For the conventional DWA, the time interval t is set to 0.10, 0.05, 0.02 [s]; hence, n p values are 20, 40, and 100, respectively.

4.2. Results of Distance Calculation Accuracy Experiment

We computed the distance from each obstacle to the path using analytic geometry as the baseline. The difference between the distance obtained by the proposed method and the baseline was used as the error, and we adopted the average value of the errors to evaluate the performance of the distance estimation.
Table 1 presents the average error of the distance estimation in millimeters. First, as the number of circles increases, the mean of the average error in the distance estimation for each acceleration decreases. Specifically, when n c = 2 , the circle with the tangent point at the midpoint (m) of the path better represents the trend of the entire path, resulting in a lower error. Similarly, when n c = 4 , the circle with tangent points at the starting and middle points (s + m) of the path provides a better description of the path trend, resulting in a lower error for (s + m). Finally, when n c = 6 , for translational accelerations ranging from −1.0 to 1.0 m / s 2 , (s + m + e) has the smallest estimation error. This matches the expectation that the greater the number of circles, the smaller the distance estimation error.
Subsequently, the proposed method approximates the variable velocity path with multiple constant velocity circular paths through vertical observation. Consequently, when variations in velocities were minimal, the error in distance estimation was reduced. Specifically, when the translational acceleration during the simulation period is 0.0 m / s 2 , resulting in the robot’s constant velocity circular motion, the proposed method can accurately compute the actual distance between obstacles and paths, particularly when the translational acceleration during the simulation period is nullified.
Table 2 displays the average error in distance estimation, measured in millimeters. Examining horizontally, it can be observed that as the number of path points escalates, the mean of the average error in distance estimation for each acceleration diminishes under both tangent and secant models. However, a decrease in estimation error corresponds to an increase in computing cost. The accuracy of distance estimation employing the secant model consistently surpassed that of the tangent model.
When observed vertically, both the tangent and secant models demonstrate the characteristic that a reduction in translational acceleration corresponds to a decrease in distance estimation error.
We compared the distance estimation results of the best-performing configuration of the proposed method, that is, (s, s + m, s + m + e), with the tangent and secant models in the conventional DWA under various n p conditions. In Figure 14, the horizontal axis denotes the number of path points n p in the conventional DWA, the number of circular arcs n c in the proposed method, and the vertical axis denotes the average error of distance estimation. The error bars indicate the standard deviation caused by the acceleration change. The comparison shows that the proposed method achieves a similar level of accuracy in distance estimation as the secant model, which performs better in the conventional DWA.

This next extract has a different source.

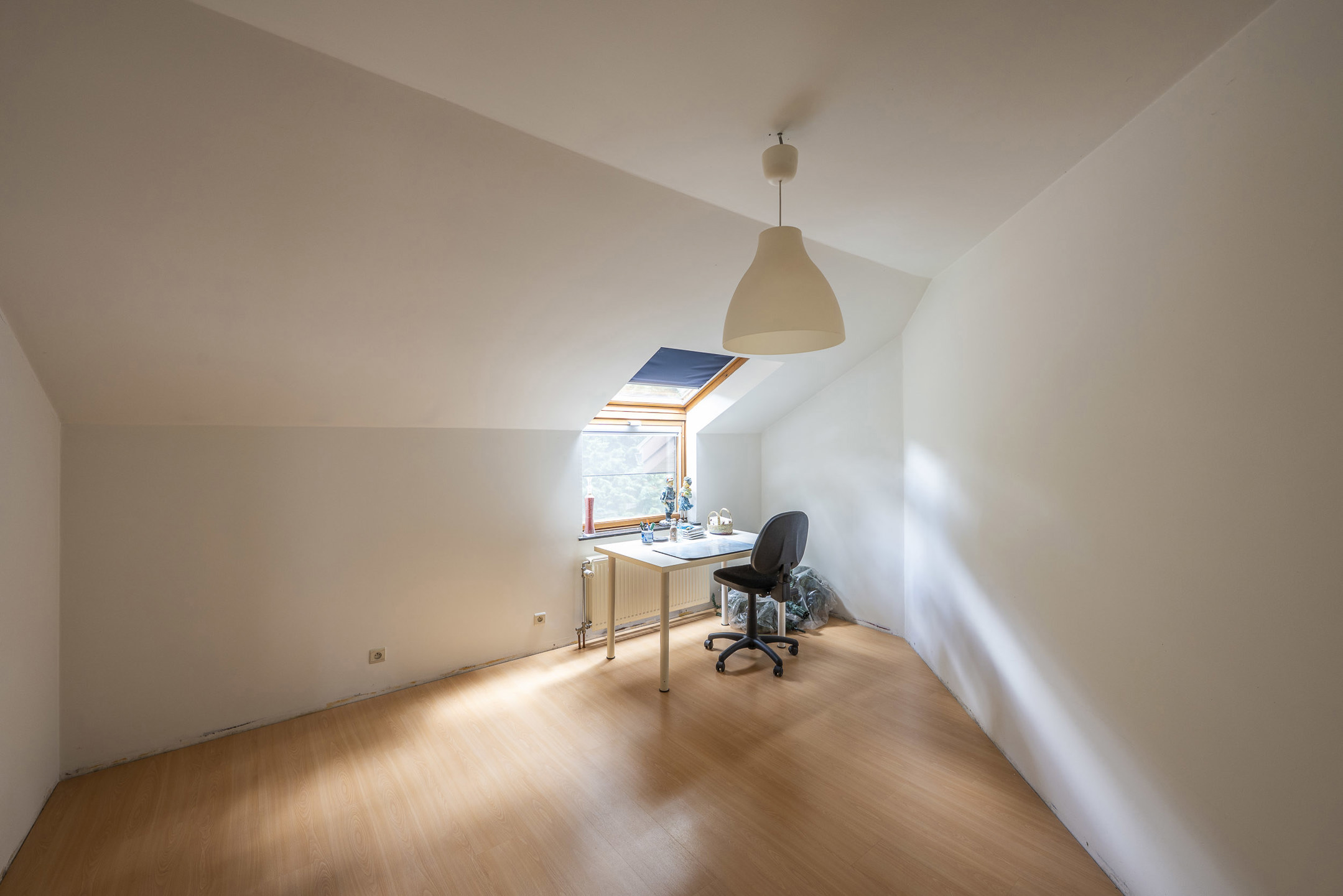 Achteraan vind je een ruime berging met toegang tot de tuin. De dubbele garage biedt voldoende plaats voor twee wagens en extra opbergruimte.

4.3. Conditions of Navigation Experiment

The second experiment was conducted to compare the performances of the two methods in terms of the computational cost of navigation. Table 3 lists the parameters of the PC and other libraries, and Figure 15 illustrates the experimental environment in the simulator; the environment shown in (b) is narrower than (a). The maximum velocity of the robot was set to 2.0 [ m / s ], maximum acceleration to 1.0 [ m / s 2 ], the robot’s initial position to (−18, 0), and the target to (18, 0). The control frequency was established at 10 Hz. In this configuration, we utilized an automatic time padding technique. Should the cumulative duration consumed by all procedures within a loop fall below 100 milliseconds, the system automatically allocates the idle time to uphold a consistent control frequency of 10 Hz. The range of the laser rangefinder was set to 5 [m], and the resolution was set to 1, 2, or 3 [nums/°]. For the environment illustrated in Figure 15, the average numbers of obstacle points detected per frame during autonomous navigation n o is approximately 130, 260, and 390. We controlled the value of n o by adjusting the laser rangefinder resolution; therefore, n o is the result and is for reference only. The simulation period was set to 2 [s], and the time interval Δ t of the conventional DWA was set to 1.00, 0.50, 0.20, 0.10, 0.05, 0.02 [s], according to (7); n p values are 2, 4, 10, 20, 40, and 100, respectively. The number of circles in the proposed method was set to 1, 2, and 3 pairs; hence, n c values were 2, 4, and 6. Both the conventional DWA and proposed method divide the selectable translational acceleration and rotational velocity ranges into five equal parts, generating 25 simulation paths simultaneously. Ten automatic navigations were performed in the simulation environment and the average computation time of the DWA was determined in milliseconds. Since all navigation experiments in both environments were successful only for n p > 20 , using the results obtained with n p = 20 and n c = 2 as the baseline, we attempted to determine whether there was a significant change in the calculation time when n p and n c were varied. We adopted * to indicate p-values less than 0.05 and ** to indicate p-values less than 0.01.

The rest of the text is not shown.